Warto rozmawiać o drogach, również tych wodnych

 Elbląg, Elbląska przystań przy ul. Radomskiej to jeden z przykładów samorządowych starań o rewitalizację dróg wodnych
Elbląska przystań przy ul. Radomskiej to jeden z przykładów samorządowych starań o rewitalizację dróg wodnych (fot. arch. AD)

 Mam nadzieję, że Sejmik ten będzie w stanie generować różne projekty, będzie lokował swoich przedstawicieli przy różnych inicjatywach, a także przygotowywał różnego rodzaju dokumentacje strategiczne czy programowe dotyczące polskich dróg wodnych – mówił Jerzy Wcisła, dyrektor Biura Regionalnego Urzędu Marszałkowskiego w Elblągu, podczas dzisiejszego (10 lipca) dnia pierwszego Sejmiku Żeglugi Śródlądowej.

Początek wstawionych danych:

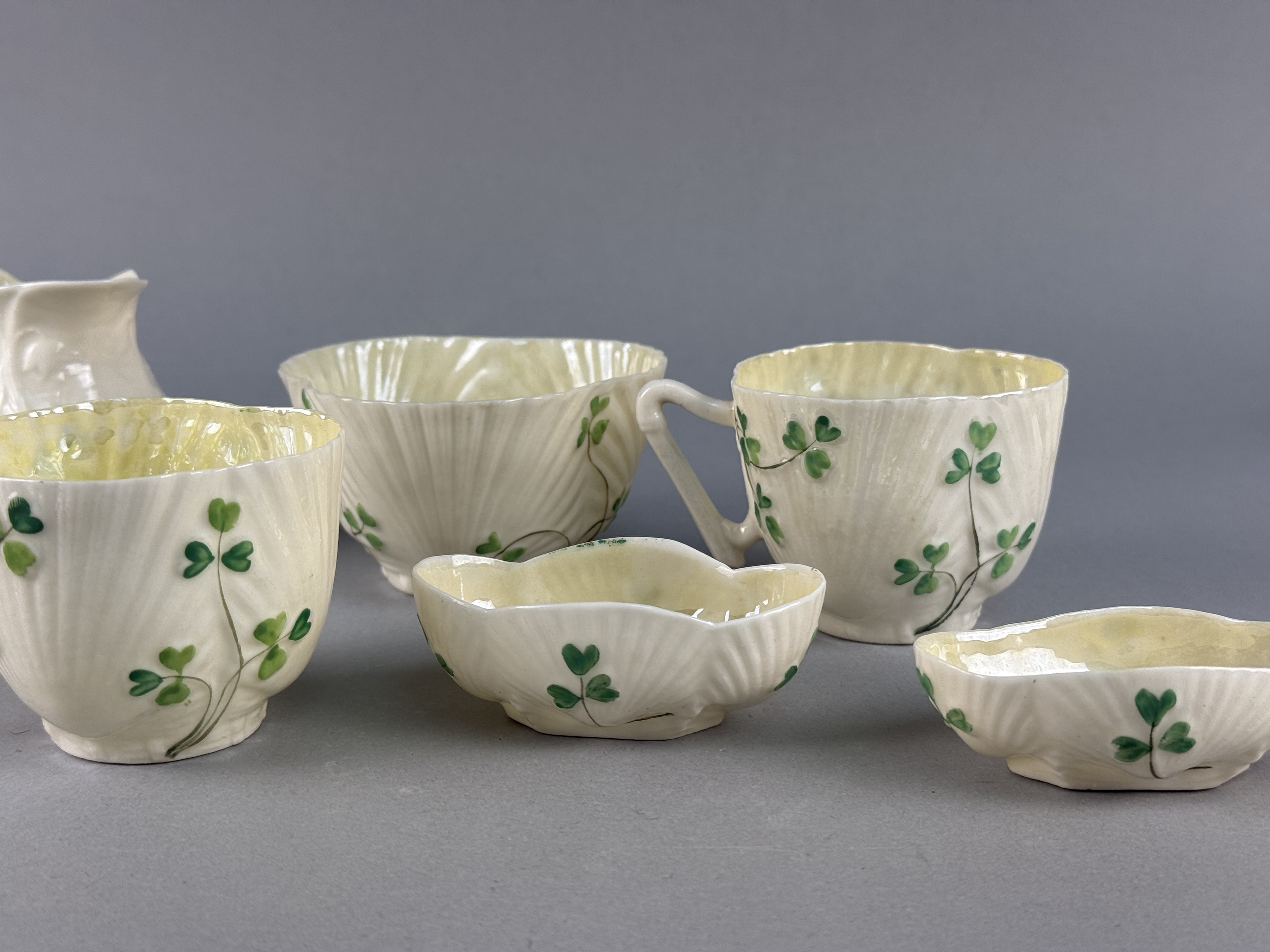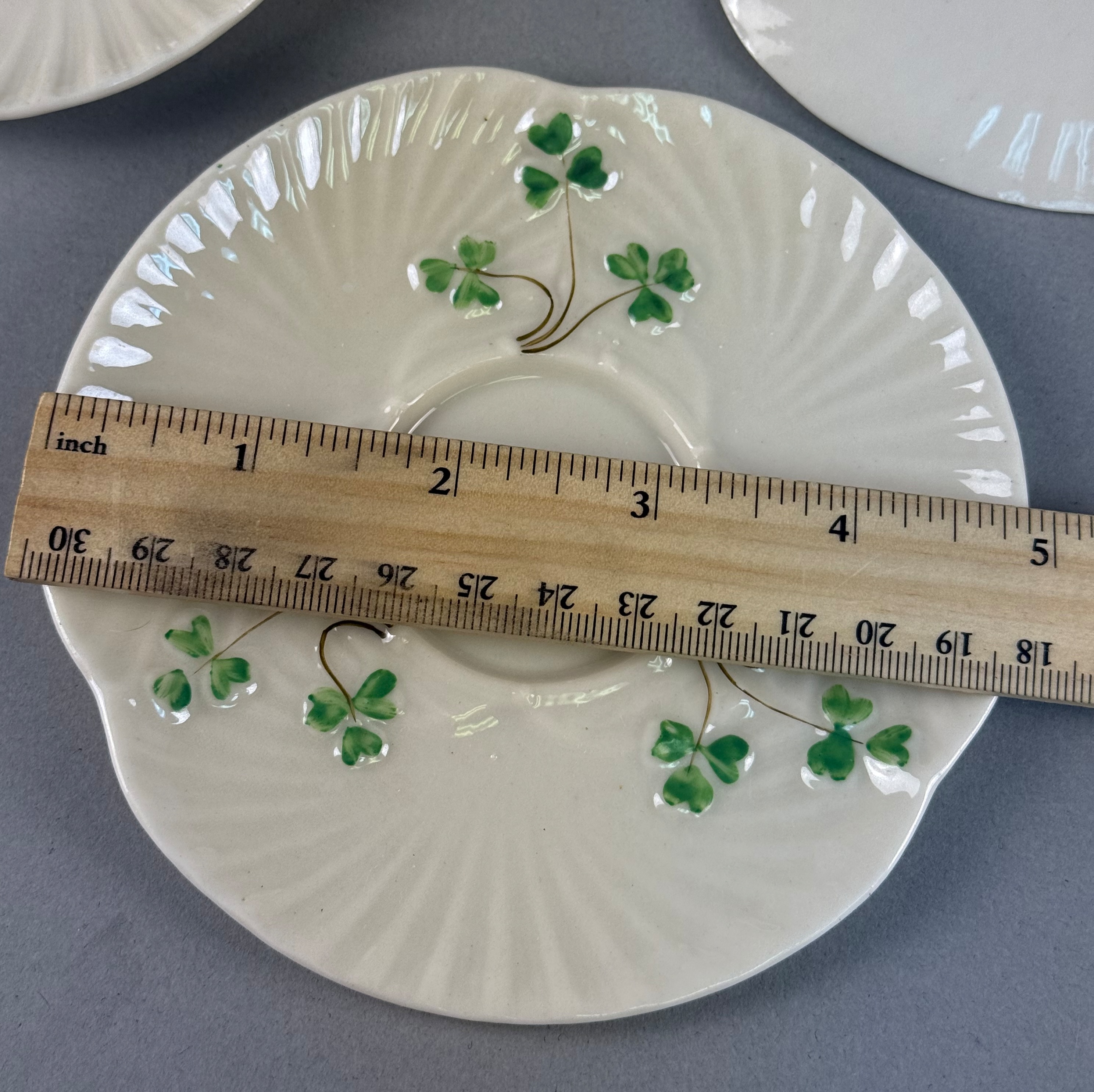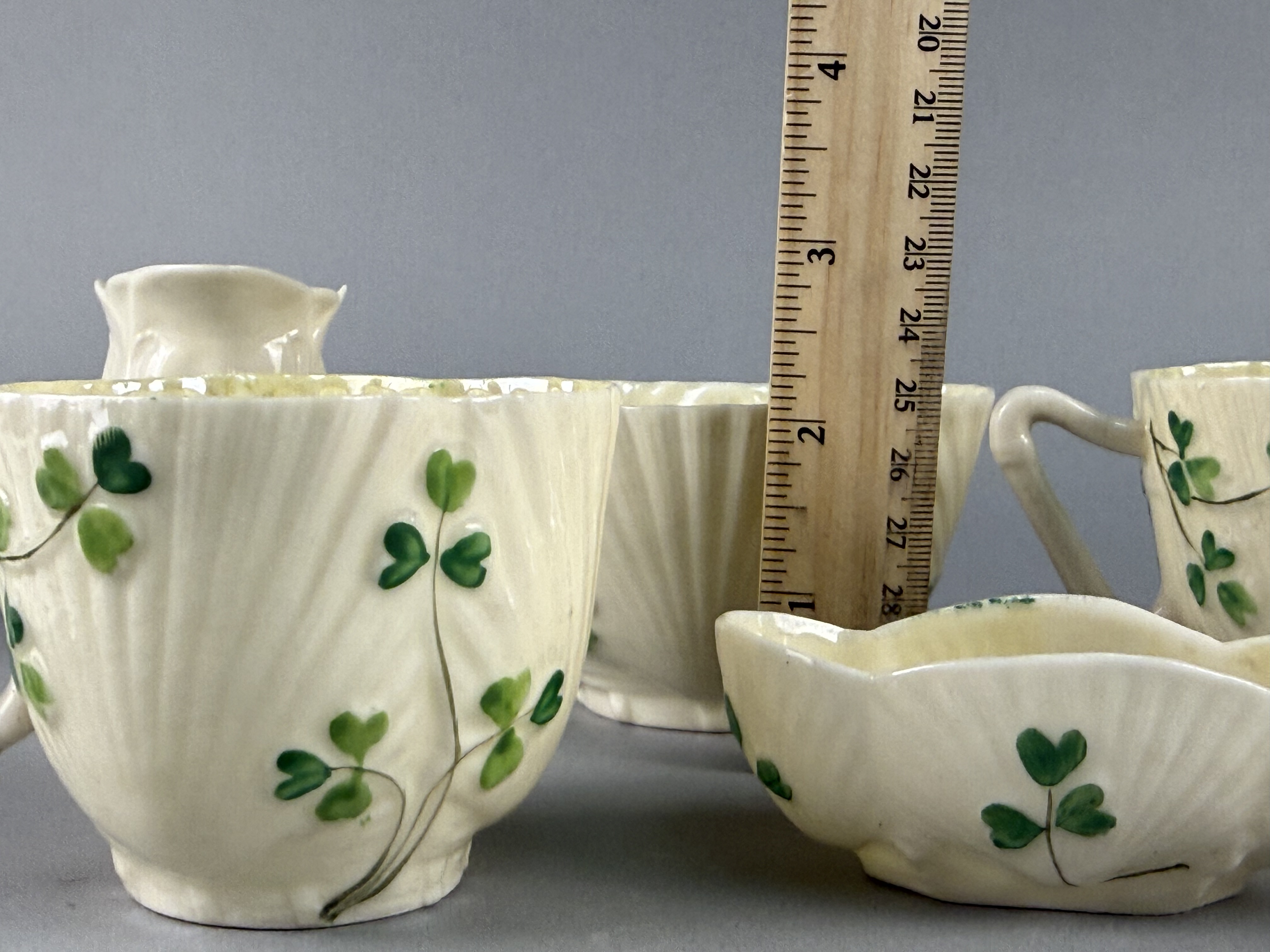 This collection of Irish porcelain from Belleek Pottery features the Shamrock pattern on a molded fluted body. The set is crafted from fine parian porcelain with a creamy iridescent luster glaze on the interiors. Each piece is decorated with hand-painted green shamrocks on delicate brown stems. The collection includes two teacups with wishbone handles, three saucers with scalloped edges, one small creamer, one open sugar bowl, and two small scalloped condiment dishes. The bases bear various black printed marks. One mark includes a banner for Belleek and a ribbon for the retailer Robinson and Cleaver, Belfast. Another mark displays the Belleek crest featuring a wolfhound, harp, and tower, along with the registration number 0857 and the location Co. Fermanagh Ireland. Saucers: 5 inches diameter Teacups: 2.25 inches height. The set is in very good condition with no visible chips, cracks, or repairs. There is light wear to the luster glaze on the interior of the cups and bowls consistent with age and use. Minor kiln specks and manufacturing irregularities are present.
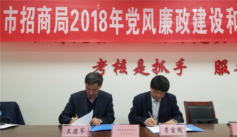 2月26日,市招商局召开党组会议,专题研究党风廉政建设和反腐败工作,并层层签订了2018年度廉洁勤政效率效能目标责任书。局党组全体成员参加会议,市纪委派驻第九纪检组平金增、市招商局部室负责人列席会议。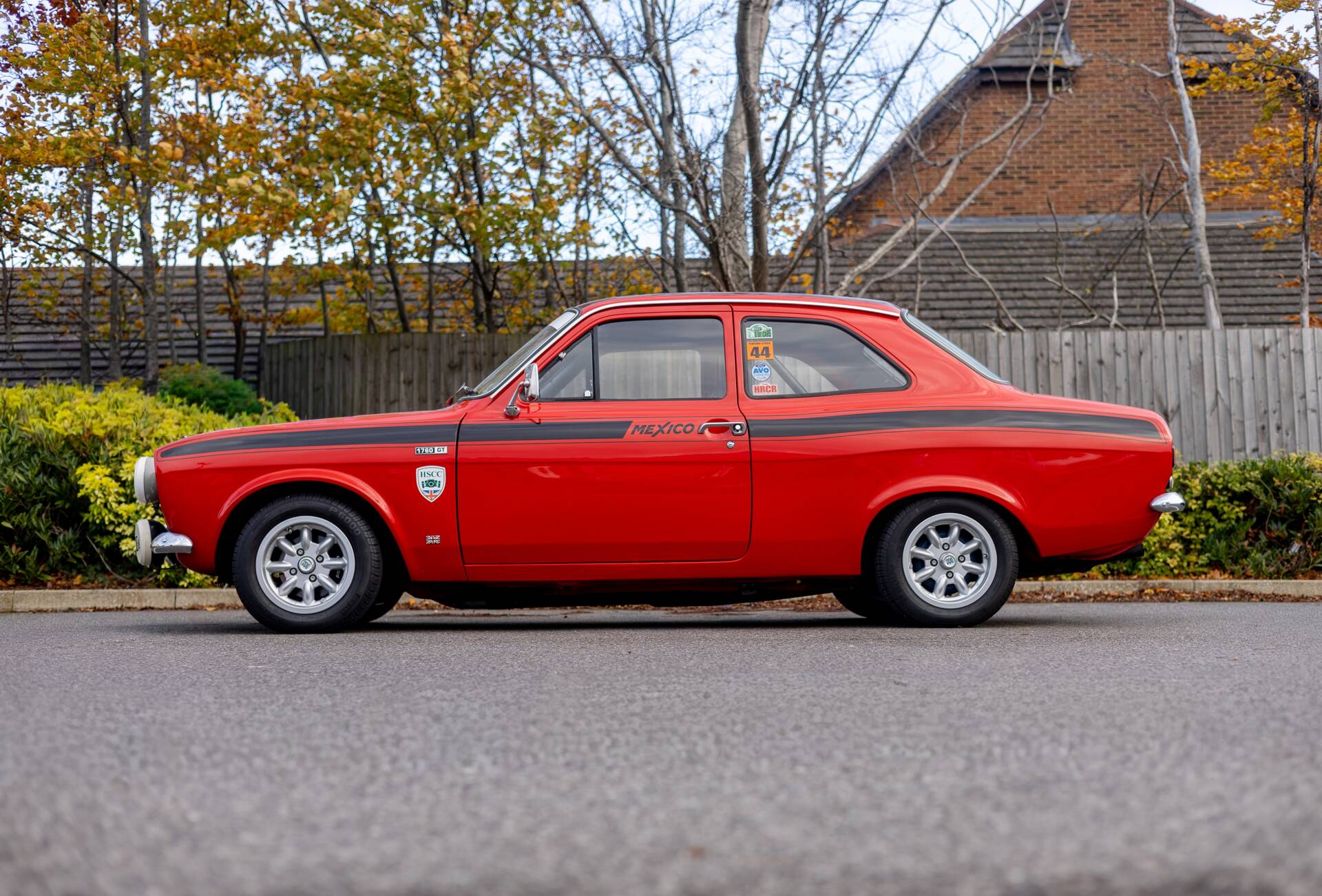 This Escort was built in May 1972 and first registered 'RWC 483K' as a Mexico by the Ford Motor Company, Warley, although the bodyshell is a Type 49 Twin-Cam to export specification (left hand drive, battery under bonnet, opening quarter lights). Painted Sunset Red, it was first used in Sweden as a 'PR' car and is pictured in advertising literature of the time. Returned to Ford's Advanced Vehicles Operation (AVO), the Mexico was used as an experimental vehicle by the engineers before being strengthened and prepared as a back-up 'recce' car for the 1973 East Africa Safari Rally. At this time, it had a 1,840cc cross-flow Kent engine installed, while a BDA is known to have been installed at some time. The entire Ford works cars retired from that year's Safari Rally and out of six red-finished back-up cars only two returned. Back at AVO, the cars were scheduled for decommissioning but company employee John Aedy was permitted to buy 'RWC 483K', together with an RS2000 bodyshell, provided that the car was returned to standard Mexico specification. The original 1,600cc cross-flow engine was refitted and the car converted to right hand drive, after which Mr Aedy installed the seats from the RS 'shell and used the Mexico as his daily drive for many years. The Mexico left the Aedy family's ownership in 1988.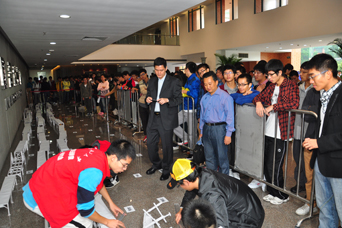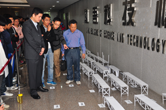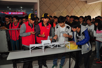 本次大赛分为专业组和业余组两个赛区,专业组的题目与上届比赛相同,为承受动荷载和静荷载的不对称双跨桥梁实物模型设计,而业余组题目则改为承受均布荷载作用的多层平顶大厦架构模型设计。大赛分四个小区域同时进行,专业组和非专业组制作的模型同时分区进行承重测试。上午的初赛通过较低程度的承重测试将淘汰一部分作品,通过的作品则可以参加下午的加重测试复赛。在主持人的指挥下,一架架作品被有序地抬进各个比赛点。参赛队员一人稳稳地扶住模型,一人小心地向模型上放置砝码,另外的队员则在旁边指挥。“加!再加!”队员和围观的学生齐声为选手们呐喊助威,全场一片紧张沸腾的气氛。在经过近一天的角逐后,华南农业大学、广东工业大学和华南理工大学分获前三名。

Szlaki wodne jako produkt turystyczny, transport na Dolnej i Środkowej Wiśle oraz jego potencjał czy aspekty ekologiczne - w Elblągu odbywa się pierwszy Sejmik Żeglugi Śródlądowej, w którym udział biorą przedstawiciele ok. 120 różnych organizacji, związków czy stowarzyszeń działających na drogach wodnych. Obecni są także przedstawiciele siedmiu marszałków, natomiast patronat nad tym wydarzeniem objęły trzy ministerstwa. Jak mówił dziś (10 lipca) Jerzy Wcisła, dyrektor Biura Regionalnego Urzędu Marszałkowskiego w Elblągu, Sejmik ten ma nie być wydarzeniem jednorazowym, a rozpocząć pewien proces.
       – W Polsce jest wiele konferencji nt. dróg wodnych. Doszliśmy do wniosku, że brakuje takiej formuły, która pozwalałaby tym środowiskom spotykać się ze sobą, dyskutować, a później przedstawiać efekty tych rozmów. Stąd zrodził się pomysł na forum, którym jest Sejmik Żeglugi Śródlądowej. Chcemy, aby odbywał się on każdego roku, a nawet i częściej, jeżeli zajdzie taka potrzeba, w różnych miastach, był organizowany przez różne podmioty, a pomiędzy byłby czas na toczenie dyskusji. Mam nadzieję, że Sejmik ten będzie w stanie generować różne projekty, będzie lokował swoich przedstawicieli przy różnych inicjatywach, a także przygotowywał różnego rodzaju dokumentacje strategiczne czy programowe dotyczące polskich dróg wodnych – wyjaśniał dziś (10 lipca) Jerzy Wcisła. – Jutrzejszy dzień chcemy poświęcić turystyce wodnej, a efektem ma być raport o jej stanie. W jednym tomie zostaną zawarte wszystkie ważniejsze inwestycje proturystyczne oraz wodniackie, które w Polsce zostały sfinansowane w ciągu ostatnich siedmiu lat czyli w tej perspektywie finansowej Unii, która się właśnie kończy. Będzie on również służył temu, aby uzmysłowić stronie rządowej, że w Polsce, na drogach wodnych, mimo że nie ma polityki państwowej sprzyjającej rozwojowi dróg wodnych, dzieje się bardzo dużo, głównie dzięki samorządom. Kiedy płynąłem na Zalew Wiślany z Berlina w 2009 r. to na trasie tej może dwa razy nocowałem w marinie na poziomie z XXI w. Dziś takich marin jest jedenaście. To jest niesamowity postęp, a trzeba mieć cały czas świadomość, że nie było

  Elbląg, W Sejmiku bierze udział ok. 120 przedstawicieli różnych organizacji zajmujących się drogami wodnymi w Polsce
W Sejmiku bierze udział ok. 120 przedstawicieli różnych organizacji zajmujących się drogami wodnymi w Polsce (fot. AD)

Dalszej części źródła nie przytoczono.